• [Required work]
Look through the records below for the line holding "Carro invade avenida". Write it out exactly, with each following line through the line holding "15:32分,69.2公里处,定速巡航中,油耗到了6.7L。".

• [Data supplied]

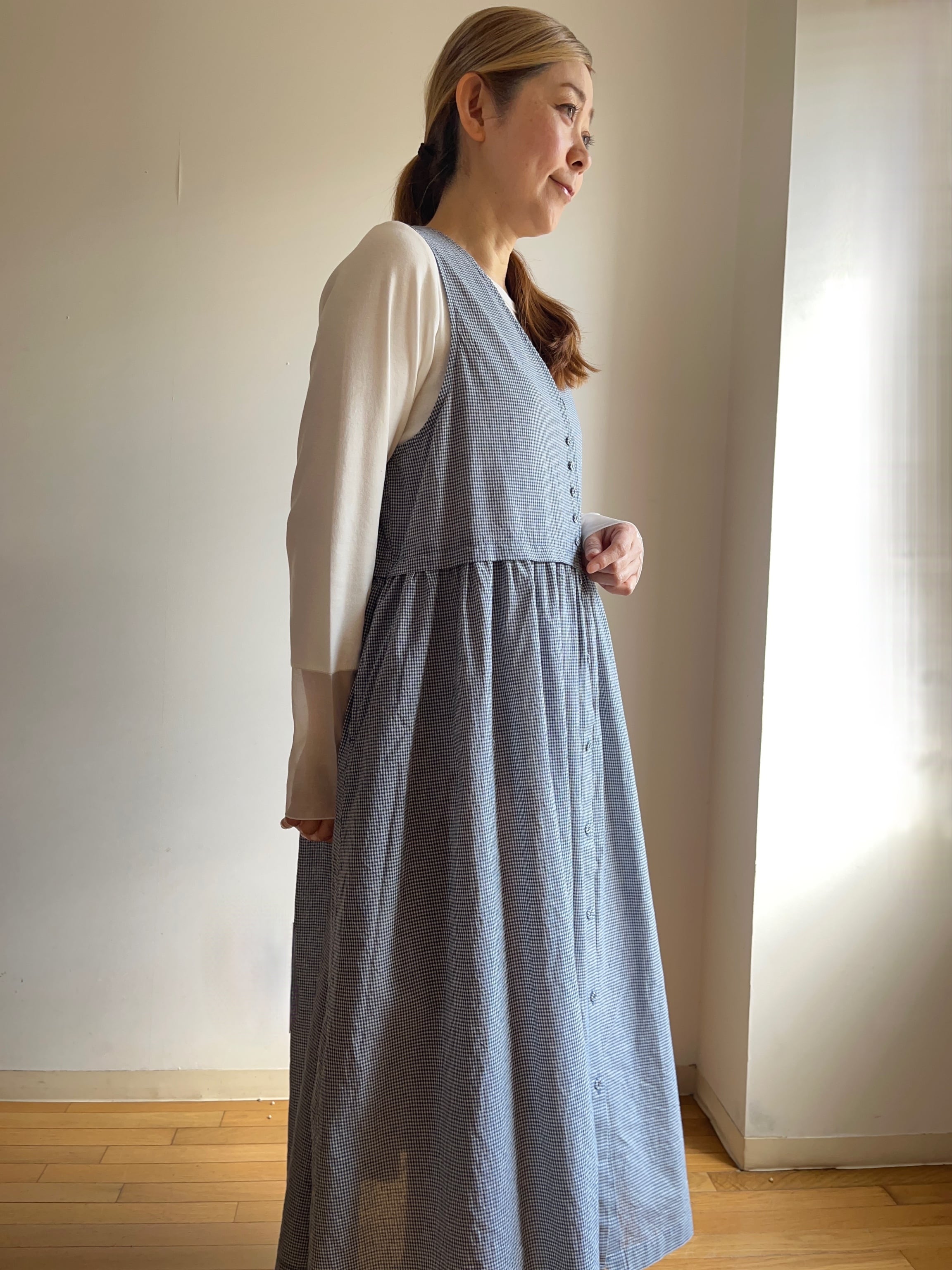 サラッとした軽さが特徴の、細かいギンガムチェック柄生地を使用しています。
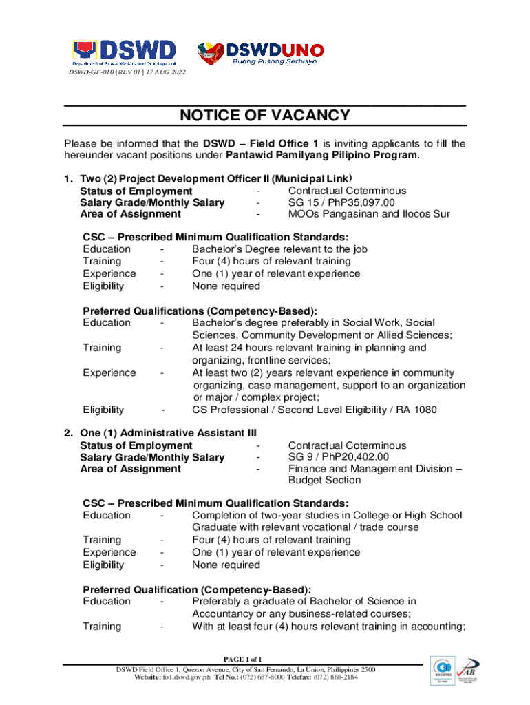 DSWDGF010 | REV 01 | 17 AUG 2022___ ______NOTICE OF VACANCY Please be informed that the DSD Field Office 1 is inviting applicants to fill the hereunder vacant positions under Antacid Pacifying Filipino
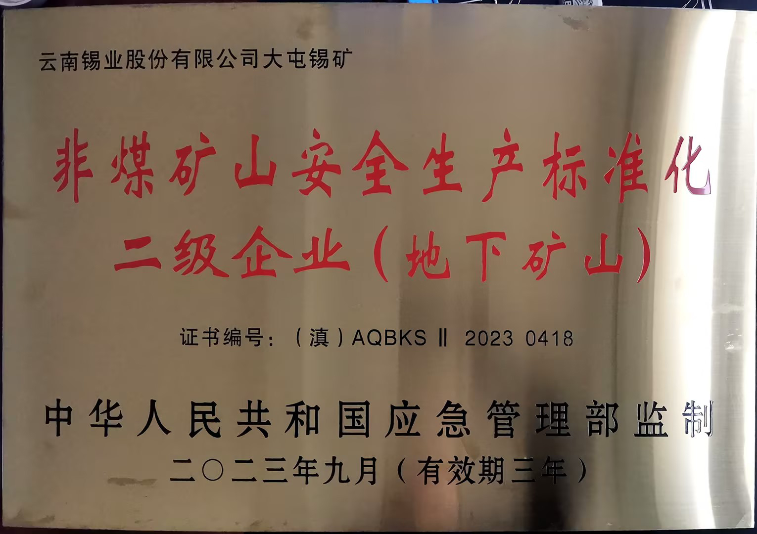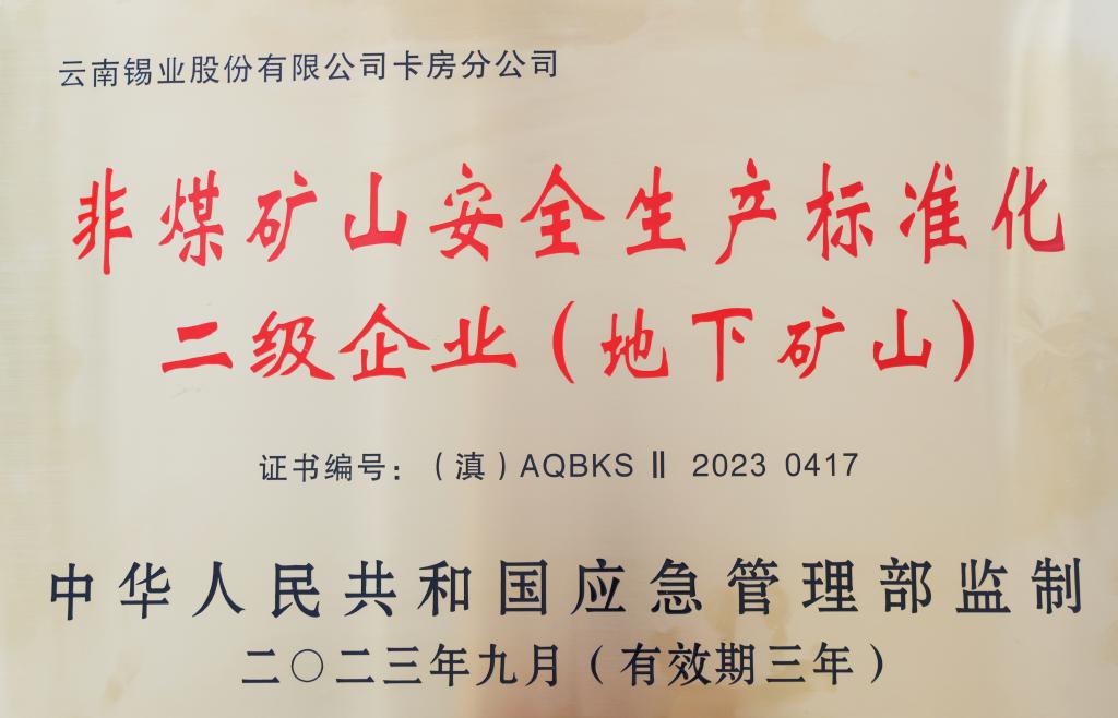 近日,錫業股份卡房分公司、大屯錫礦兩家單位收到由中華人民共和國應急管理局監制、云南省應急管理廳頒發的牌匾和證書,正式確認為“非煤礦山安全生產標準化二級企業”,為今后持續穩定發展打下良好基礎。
---
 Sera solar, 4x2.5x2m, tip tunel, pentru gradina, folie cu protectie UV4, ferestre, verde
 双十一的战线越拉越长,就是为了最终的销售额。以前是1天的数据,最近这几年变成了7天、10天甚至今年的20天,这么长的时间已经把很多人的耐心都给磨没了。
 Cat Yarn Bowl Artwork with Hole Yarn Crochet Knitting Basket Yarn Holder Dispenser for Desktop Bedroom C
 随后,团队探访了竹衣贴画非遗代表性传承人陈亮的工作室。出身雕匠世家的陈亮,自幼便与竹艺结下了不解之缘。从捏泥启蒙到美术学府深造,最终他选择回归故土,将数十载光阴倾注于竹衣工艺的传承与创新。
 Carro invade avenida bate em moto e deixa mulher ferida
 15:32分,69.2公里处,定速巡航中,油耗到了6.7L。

• [Solution to the exercise]
 Carro invade avenida bate em moto e deixa mulher ferida
 15:32分,69.2公里处,定速巡航中,油耗到了6.7L。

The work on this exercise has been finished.